SAVUNMA VE EKONOMİ KAPANI

Arada olanlar mı?

ABD yatırım bankası JP Morgan, “Türkiye’yi 2024’ün potansiyel büyük hikâyelerinden biri olarak görüyoruz” dedi. Bir diğer ABD yatırım bankası Goldman Sachs, seçim sonuçlarından bağımsız olarak Türkiye’de hem parasal hem de mali politikanın devam edeceğini raporladı. Kısacası ABD finans kapitali, 31 Mart sonrası için Erdoğan’a göz kırptı.

Ve yine bu süreçte ABD’nin talebiyle Türk-Yunan normalleşmesi başlatıldı, Doğu Akdeniz’deki “Mavi Vatan” tutumundan geri adım atıldı, 7 Ekim’den bu yana İsrail’e yüksek perdeden sözlü tepki gösterildi ama uygulamada örneğin ticaretin kesilmesi konusunda en ufak adım atılmadı.

Savunma Sanayisi Başkanı Haluk Örgün, 18 Şubat’ta Antalya’da yaptığı konuşmada, başkanlık bünyesinde bir “NATO müdürlüğü” kuracaklarının “müjdesini” verdi.
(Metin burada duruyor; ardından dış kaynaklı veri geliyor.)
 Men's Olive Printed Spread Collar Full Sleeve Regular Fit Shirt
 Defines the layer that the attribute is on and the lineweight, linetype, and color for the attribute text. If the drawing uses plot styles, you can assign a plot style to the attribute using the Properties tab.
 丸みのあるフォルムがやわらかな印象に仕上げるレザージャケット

Dışişleri Bakanlığı Sözcüsü Öncü Keçeli, 13 Mart’ta yaptığı açıklamada, stratejik mekanizma altında “Türkiye-ABD Savunma Ticareti Diyaloğu” grubu kurduklarını duyurdu. Ve en önemlisi; NATO’nun yeni planlamalarında Türkiye’ye önemli roller verildi.
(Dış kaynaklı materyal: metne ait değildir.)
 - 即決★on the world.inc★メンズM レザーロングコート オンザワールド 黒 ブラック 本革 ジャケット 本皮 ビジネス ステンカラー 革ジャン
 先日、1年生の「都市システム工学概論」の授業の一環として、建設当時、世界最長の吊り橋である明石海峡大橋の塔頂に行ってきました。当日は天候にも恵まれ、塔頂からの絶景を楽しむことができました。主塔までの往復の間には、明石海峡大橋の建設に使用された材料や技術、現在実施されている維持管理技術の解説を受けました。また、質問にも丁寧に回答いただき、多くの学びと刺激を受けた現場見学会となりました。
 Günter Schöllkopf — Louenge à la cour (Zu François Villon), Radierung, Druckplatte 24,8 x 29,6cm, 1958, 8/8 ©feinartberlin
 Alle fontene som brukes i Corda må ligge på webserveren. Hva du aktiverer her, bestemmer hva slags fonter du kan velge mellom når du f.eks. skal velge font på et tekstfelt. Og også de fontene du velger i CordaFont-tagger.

31 MART TAKTİĞİ Mİ, MAYIS PROGRAMI MI?

Açık ki son aylarda ortaya çıkan bu tablo, yeni bir duruma işaret ediyor. Siyasi ve ekonomik nedenler, Erdoğan’ı yeniden bir “Amerikan açılımı”na itmiş görünüyor. Bunun ne kadarının gönüllü ne kadarının zorunlu olduğu ayrıca tartışılır.

Kuşkusuz Türkiye’de her “Amerikan açılımı”, aynı zamanda “Kürt açılımı” ve “yeni anayasa açılımı” potansiyeli de taşır. Baksanıza, Erdoğan daha dün oy veren kitlesini bile hedef aldığı DEM Parti’nin yönetimine bugün “Parti yönetimi ülkeye ve kendi tabanına siyasi irade sahibi olduğunu ispatlamalı” çağrısı yapıyor; TBMM Başkanı Numan Kurtulmuş “yeni anayasa” için hazırlıklara başlıyor.

Peki Erdoğan ve Kurtulmuş’un hamleleri 31 Mart seçim taktiği mi, yoksa “mayıs programı”nın adımları mı? Göreceğiz.